2020 ESA Annual Meeting (August 3 - 6)

COS 230 Abstract - Spatial plant-plant interactions can alter inference on plant performance in common gardens

Andrii Zaiats1, Juan Requena-Mullor2, Matthew J. Germino3 and T. Trevor Caughlin2, (1)Department of Biological Sciences, Boise State University, Boise, ID, (2)Biological Sciences, Boise State University, Boise, ID, (3)Forest and Rangeland Ecosystem Science Center, US Geological Survey, Boise, ID
Background/Question/Methods

In an era of increasing anthropogenic disturbances, there is a pressing need to forecast how ecological variation affects restoration outcomes. Plant-plant interactions, including negative density-dependence (NDD), are an important source of variation that could alter plant performance depending on the spatial characteristics of plant neighborhoods. A local neighborhood can be defined in terms of the number, identity, and spatial proximity of neighbors to the focal plant.

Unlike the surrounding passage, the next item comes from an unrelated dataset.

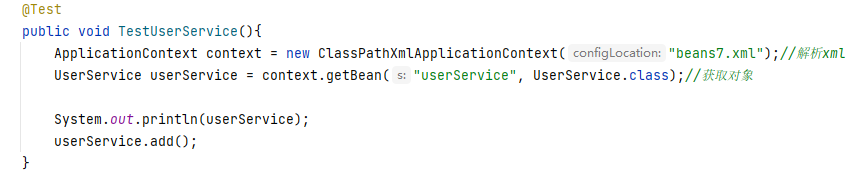 @Test public void TestUserService2(){ //加载配置类 ApplicationContext context = new AnnotationConfigApplicationContext(SpringConfig.class); UserService userService = context.getBean("userService", UserService.class);//获取对象 System.out.println(userService); userService.add(); }

We explored the effect of NDD on plant performance in a series of spatially-explicit simulations parametrized on a long-term sagebrush common garden experiment. The simulation workflow included three steps. First, we fit spatial Bayesian models to estimate demographic rates (i.e., growth and survival) and the magnitude of spatial interactions using field-data from a common garden experiment located in Idaho, USA. This common garden contained a set of big sagebrush plants (Artemisia tridentata) representative of high intraspecific variation, including three subspecies and two ploidy variations. Second, we used agent-based models (ABM) to simulate the performance of plants under incrementally increasing interspaces between neighbors. Finally, we quantified the magnitude of among subspecies:ploidy group differences in simulations with and without consideration of spatially-explicit plant locations. We applied linear analysis of variance to examine group differences in the ABM outputs to parallel frequently-used analyses of common garden data.

Results/Conclusions

We found that smaller interspaces lead to greater differences among groups due to density-dependence processes. Starting from a minimum distance of 0.5 m, the F-statistic, which measures how the spatially-explicit (full) model differed from the base model, diminished and eventually converged asymptotically to zero when the interspaces between plants reached 3 m. The correlation between simulation outcomes from the full and base models ranged from 0.92 to 1 when the distance became greater. From interspaces greater than 2 m, the standard error of the mean correlation between the base and full models overlapped 1, i.e., the effect of density-dependence processes was not discernible.

Overall, we demonstrate the utility of spatially-explicit agent-based models to guide planting designs for big sagebrush that account for plant-plant interactions. Model simulations showed that NDD can alter ecological inference when spatial interactions are not accounted for. Our study emphasizes the need to account for intrinsic sources of variation when quantifying demographic outcomes of both plant growth and survival in experimental designs and restoration field trials.